As https://patshaughnessy.net/2014/1/9/how-big-is-a-bignum describes, a Fixnum uses:

  • 1 bit for the FIXNUM_FLAG.
  • 1 bit for the sign flag.

Therefore the largest possible Fixnum value on a 64-bit value is 4611686018427387903 (2^62 - 1). On a 32-bit system, the largest value is 1073741823 (2^30 - 1).

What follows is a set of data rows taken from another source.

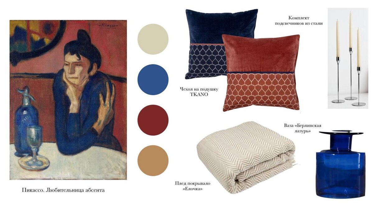 Что если для декорирования интерьера использовать известные картины художников? Не в смысле вешать их на стены, а в смысле трансформировать их в композиции, используя цвета подобранные мастерами на холсте? Составила три сета таких композиций, которые легко реализовать прямо сейчас. Получилось "оживить" картину? Какие картины возьмем для следущего эксперимента? Пишите в комментариях 1. Чехол на подушку TKANO 2. Плед покрывало «Елочка» 3. Ваза «Берлинская лазурь» 4. Комплект подсвечников из стали 1. Подушка декоративная с бахромой 2. Плед WARM WHIFF, хлопок 3. Настольная лампа 4. Комплект постельного белья Moon Store, сатин 1. Скатерть FURIXIN STONE Крапива 2. Салфетки сервировочные 3. Тарелка керамическая «Крем» 4. Ваза Soglasie, 27 см 5. Столовые приборы KUBAC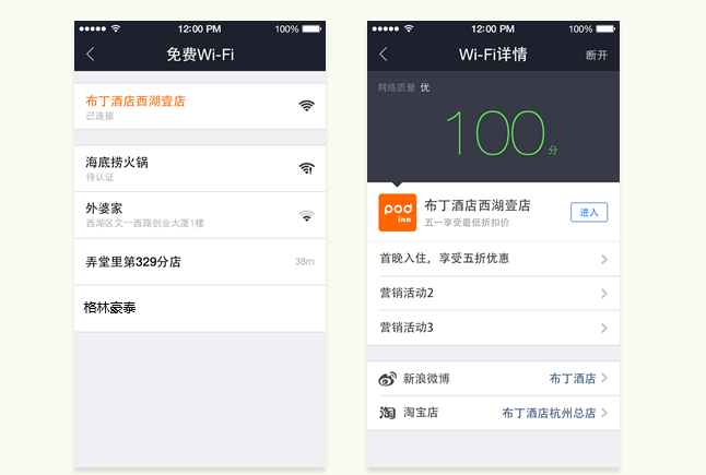 在发现用户层面,基于用户已有的浏览和支付行为,支付宝将进行相关的商户推荐,或是进行购买后服务窗的关注推荐。支付宝已经在小范围测试“电子围栏”功能,对于已经开展合作的商家来说,用户到店后,不再需要开口向服务员问询WiFi密码,而是通过支付宝直接连接上店内WiFi,未来还会就iBeacon等功能进行更多的服务尝试——这也能带来一部分的客户转化。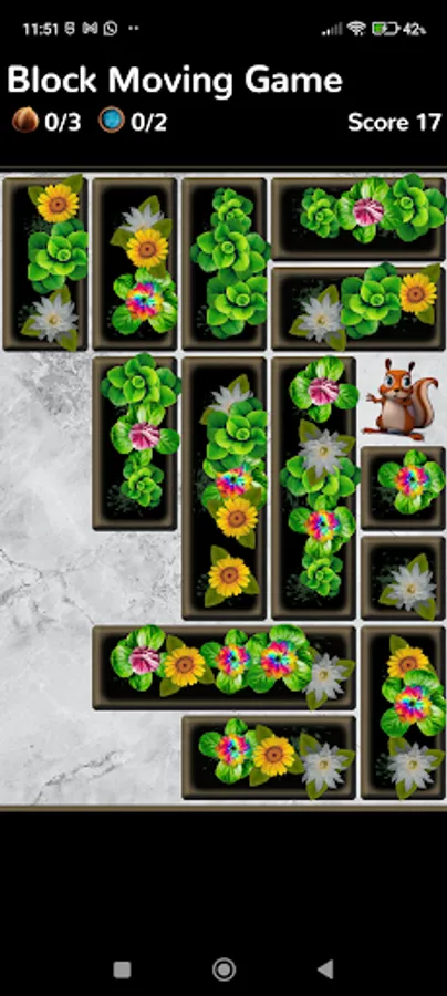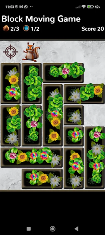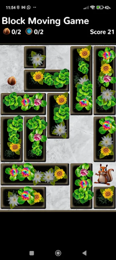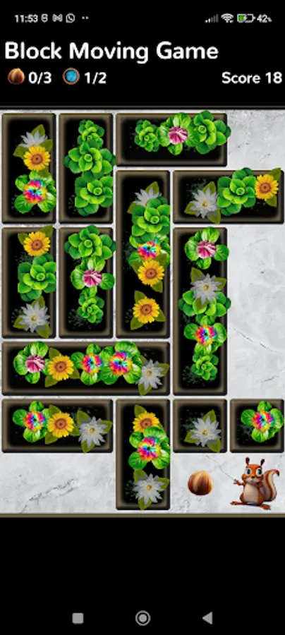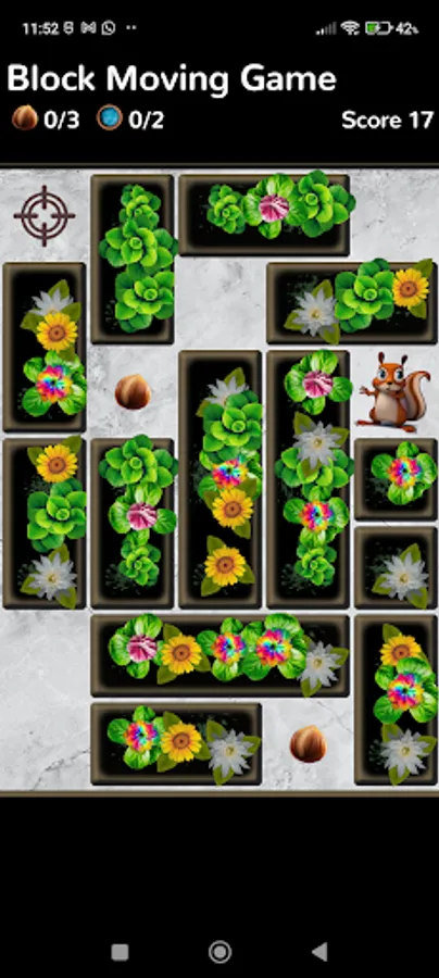 Move the flower boxes so the squirrel can collect nuts and drink water. When all the nuts are collected, the exit to the next level is activated.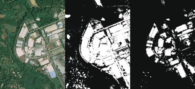 Figure 1.7 Original image (left). Image with building and roads (middle). Built-up areas (right).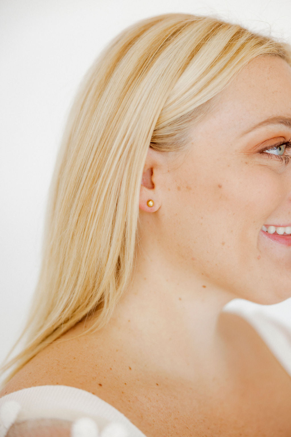 Make a bold yet refined statement with the Screwback Stud Earrings - Vera Round 6mm. These gold flat-back ball-shaped micro-studs offer a timeless, minimalist design that’s perfect for any occasion. Crafted from high-quality surgical-grade stainless steel, these earrings are durable, lightweight, and waterproof, ensuring they’re made to last. The innovative screwback design guarantees a snug and secure fit for everyday wear. These hypoallergenic and nickel-free studs offer comfort and style that can be worn all day, every day.

For example, a possible VALUE pointer address on a 32-bit system:

0xff5b4af8 => 4284173048

Dropping the lower 2 bits makes up for the loss of range to these flags. In the example above, we see that shifting by 2 turns the value into a 30-bit number, which can be represented as a Fixnum:

(0xff5b4af8 >> 2) => 1071043262

This bug can also manifest on a 64-bit system if the upper bits are 0xff.

Closes #13481

@stanhu stanhu requested a review from a team as a code owner August 9, 2023 20:37
@stanhu stanhu requested review from JasonLunn and removed request for a team August 9, 2023 20:37
@fowles fowles requested a review from esrauchg August 9, 2023 20:41
@JasonLunn JasonLunn added the ruby label Aug 9, 2023
VALUE key_val = (VALUE)key;
PBRUBY_ASSERT((key_val & 3) == 0);
return rb_funcall(weak_obj_cache, item_try_add, 2, LL2NUM(key_val), val);
// Avoid overflow on 32-bit systems by discarding the bottom zeros
Copy link
Contributor Author

@stanhu stanhu Aug 9, 2023

Choose a reason for hiding this comment

The reason will be displayed to describe this comment to others. Learn more.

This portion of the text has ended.